Wheat (Triticum aestivum L.) occupies the largest cultivated area among crops, supplying a substantial part of energy, nutrients, fiber and protein to human. Whereas the wheat yield has been significant enhanced during the Green Revolution, the food needs also increases with the growth of human population. The breeding of highly productive cultivars with improved agronomic and nutrient characteristics remains an important challenge. Since the beginning of 20th century, induced mutagenesis using ionizing radiation and various chemicals has been practiced to increase the diversity of plant material in breeding.
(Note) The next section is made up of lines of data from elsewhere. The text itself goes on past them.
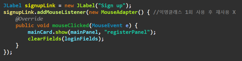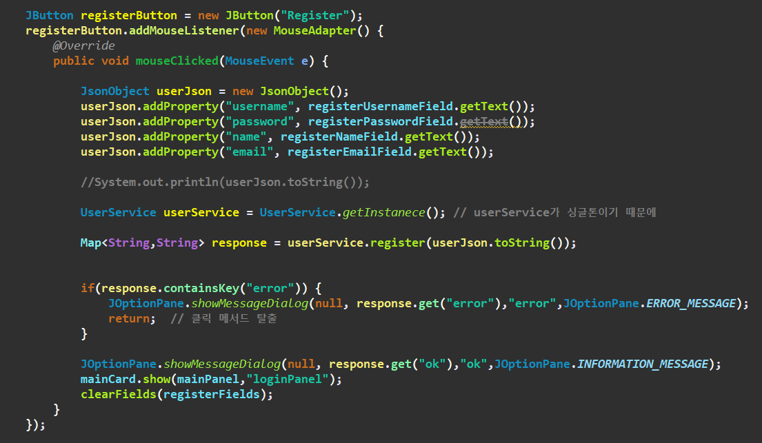"Register" ๋ฑ๋ก ๋ฒํผ์ ๋๋ฅด๋ฉด registerButton์ ๊ฐ์ฒด(์ธ์คํด์ค)๊ฐ ์์ฑ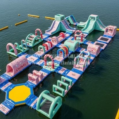 Chinee utilizza materiale personalizzato anti-UV e resistente al calore che aumenta la durata del parco acquatico galleggiante del 30%-50% rispetto al materiale normale che la maggior parte dei fornitori ha utilizzato, specialmente in aree con forte esposizione ai raggi UV e alte temperature.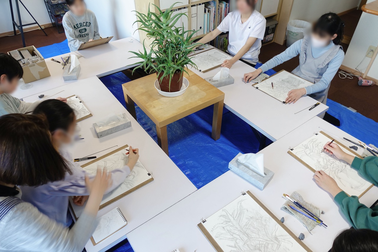 午後クラスの着彩は、鉛筆でのスケッチは今週まで。とにかく描き切ることが目標。そして更に形を正確に!特に鉢や皿などの人工物は形の狂いが一発でわかります。アロエも笹にならないよう、アロエらしい多肉のカーブした形態をよく観察して描きましょう。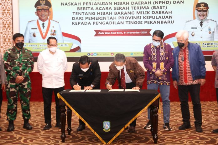 Rapat tersebut juga disejalankan dengan penandatanganan Naskah Perjanjian Hibah Daerah (NPHD) dan Berita Acara Serah Terima (BAST) Barang Milik Daerah dari Pemprov Kepri ke Pengadilan Tinggi Riau. Direncanakan Jum’at besok (12/11), Gubernur bersama Tim Banleg DPR RI akan melakukan peninjauan ke lokasi yang akan menjadi lahan berdirinya Pengadilan Tinggi dan Pengadilan Tinggi Agama Kepri.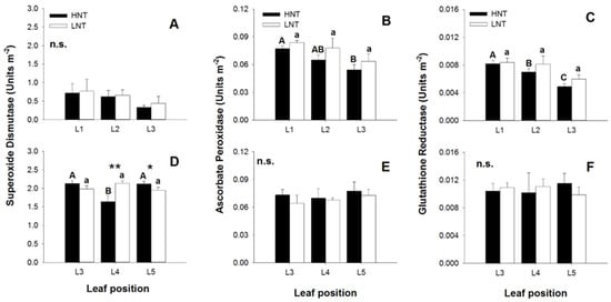 Activities of Superoxide Dismutase (A,D), Ascorbate Peroxidase (B,E) and Glutathione Reductase (C,F) determined in leaves of different ages from rice plants cv. IR64 subjected to high (HNT) or low (LNT) root and meristem temperature (RMT) during the night for different lengths of time. One unit is defined as 1 μmol min−1. Upper panel: experiment 1, 7 days after treatment (dat); lower panel: experiment 2, 16 dat. Data were analysed using a two-way ANOVA with leaf age and RMT as main factors. When factors were statistically significant, the post-hoc Tukey test was performed. ** Indicates significant differences at p < 0.01, between leaves of the same age from different RMT treatments. * Indicates significant differences at p < 0.05, between leaves of the same age from different RMT treatments. n.s. indicates not statistically significant at p < 0.05. Leaves of different ages within the same treatment and the same letter are not statistically significant at p < 0.05. Uppercase letters: HNT; lowercase letters: LNT.

The method represents an effective tool for inducing a wide range of genetic changes. However, the vast majority of the generated random mutations, are rather deleterious and have to be cleaned up via cumbersome and time-consuming back-crossing procedures. Instead, site-specific endonucleases offer an opportunity of accurate and efficient target-specific modifications in the chosen loci selected by a researcher. The review provides a historic perspective on the induced mutagenesis technologies and the recent progress in genome editing based on customizable endonucleases. The main focus is on the advances of CRISPR/Cas technology, which emerged as the most widely used mean for crop genomes editing, including wheat with its complex hexaploid genome. The areas of application of the CRISPR/Cas systems for wheat improvement are described in detail. Particular attention is paid to the development of new approaches, based on genome editing systems for speeding up the production of wheat hybrids, improving wheat productivity and nutritional values. The legal regulations applied to the production and applications of the organisms obtained by targeted mutagenesis are also discussed.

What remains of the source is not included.